Guide éditorial
Comprendre AGIRC-ARRCO : la retraite complémentaire des salariés
Régime obligatoire pour l'ensemble des salariés du secteur privé, l'AGIRC-ARRCO verse une retraite complémentaire à près de 13 millions d'allocataires et représente, pour la plupart des cadres, entre 40 % et 60 % de leur pension totale. Son fonctionnement par points le distingue du régime général.
Un régime unifié issu d'une longue histoire paritaire
L'AGIRC-ARRCO résulte de la fusion, intervenue le 1er janvier 2019, de deux régimes historiquement distincts : l'ARRCO, créée en 1961 pour couvrir l'ensemble des salariés, et l'AGIRC, instituée dès 1947 pour les cadres. Cette unification a mis fin à plus de soixante-dix ans de gestion séparée et simplifié la lisibilité du dispositif pour les assurés comme pour les employeurs. Géré paritairement par les organisations syndicales et patronales représentatives, le régime fonctionne en répartition : les cotisations prélevées sur les salaires de l'année financent les pensions versées la même année. Il couvre aujourd'hui environ 26 millions de cotisants relevant de plus de deux millions d'entreprises, ce qui en fait le plus important régime de retraite complémentaire en Europe. Son équilibre financier, étroitement surveillé par les partenaires sociaux, repose sur des accords nationaux interprofessionnels renégociés périodiquement.

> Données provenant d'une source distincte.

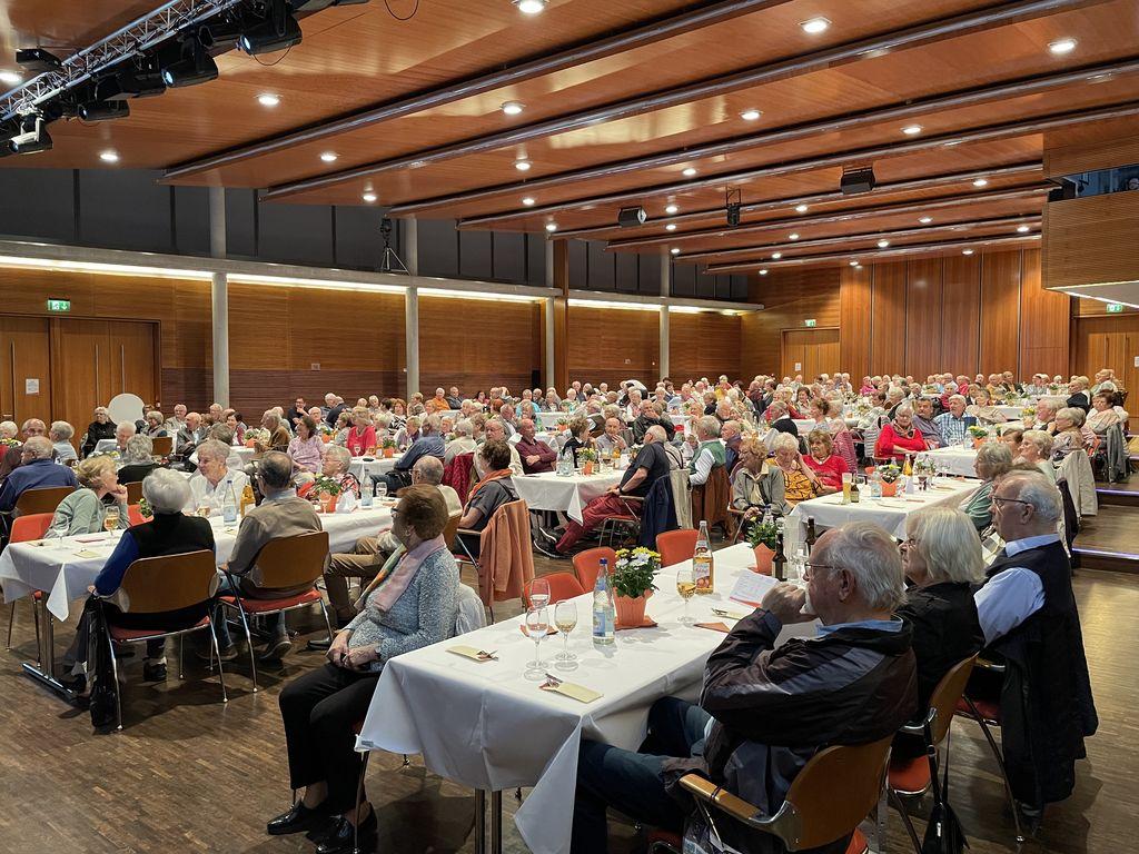 In der feierlich eingedeckten Stadthalle genossen die Seniorinnen und Senioren einen kurzweiligen geselligen Nachmittag

Le mécanisme des points : du salaire à la pension
Le principe est simple dans son énoncé, plus technique dans son application. Chaque année, les cotisations versées par le salarié et son employeur sont converties en points de retraite, selon un prix d'achat fixé annuellement, appelé salaire de référence. Au moment du départ, le nombre total de points cumulés est multiplié par la valeur de service du point pour déterminer le montant brut annuel de la pension. En 2024, la valeur de service s'élève à 1,4159 euro par point. Les cotisations s'appliquent sur deux tranches de rémunération : la tranche 1, jusqu'au plafond de la Sécurité sociale, et la tranche 2, au-delà jusqu'à huit plafonds. Le taux global de cotisation atteint 7,87 % en tranche 1 et 21,59 % en tranche 2, réparti à 60 % pour l'employeur et 40 % pour le salarié, avec un taux d'acquisition des points effectivement crédités fixé à 6,20 % et 17 %.
Conditions de liquidation et coefficient de solidarité
La liquidation des droits AGIRC-ARRCO suit, pour l'essentiel, les règles du régime général : l'assuré peut demander sa retraite complémentaire dès lors qu'il fait valoir ses droits à la pension de base, généralement à partir de 62 ans, âge progressivement relevé à 64 ans depuis la réforme de 2023. Le taux plein est accordé lorsque l'assuré remplit les conditions de durée d'assurance. Une particularité notable mérite attention : depuis 2019, un coefficient de solidarité minore la pension complémentaire de 10 % pendant trois ans, dans la limite de 67 ans, pour les assurés qui liquident dès l'obtention du taux plein. À l'inverse, ceux qui décalent leur départ d'au moins deux années bénéficient d'une majoration temporaire pouvant atteindre 30 %. Ce mécanisme, contesté par certaines organisations syndicales, vise à encourager le prolongement de l'activité.
Réversion, majorations et garanties spécifiques
Le régime prévoit plusieurs prestations annexes qui complètent la pension principale. La pension de réversion bénéficie au conjoint survivant à hauteur de 60 % des droits acquis par le défunt, sous condition de ne pas être remarié et, généralement, d'avoir atteint 55 ans. Contrairement au régime général, aucune condition de ressources n'est exigée. Les parents ayant élevé au moins trois enfants bénéficient d'une majoration de 10 % de leur pension complémentaire, plafonnée à 2 071,58 euros par an depuis 2012. Des majorations existent également pour enfants à charge au moment de la liquidation. Le régime assure par ailleurs la gratuité de l'acquisition de points durant certaines périodes d'interruption involontaire d'activité, notamment le chômage indemnisé, la maladie de longue durée ou l'invalidité, ce qui constitue une garantie importante face aux aléas de carrière.
Pilier méconnu de la protection sociale française, l'AGIRC-ARRCO conjugue logique contributive et solidarité professionnelle. Sa gestion paritaire et son fonctionnement par points lui confèrent une souplesse d'ajustement que le régime général n'a pas, mais imposent aux assurés une vigilance accrue : suivre l'acquisition de ses points, anticiper l'effet du coefficient de solidarité et évaluer ses droits de réversion sont des démarches indispensables à une transition réussie vers la retraite.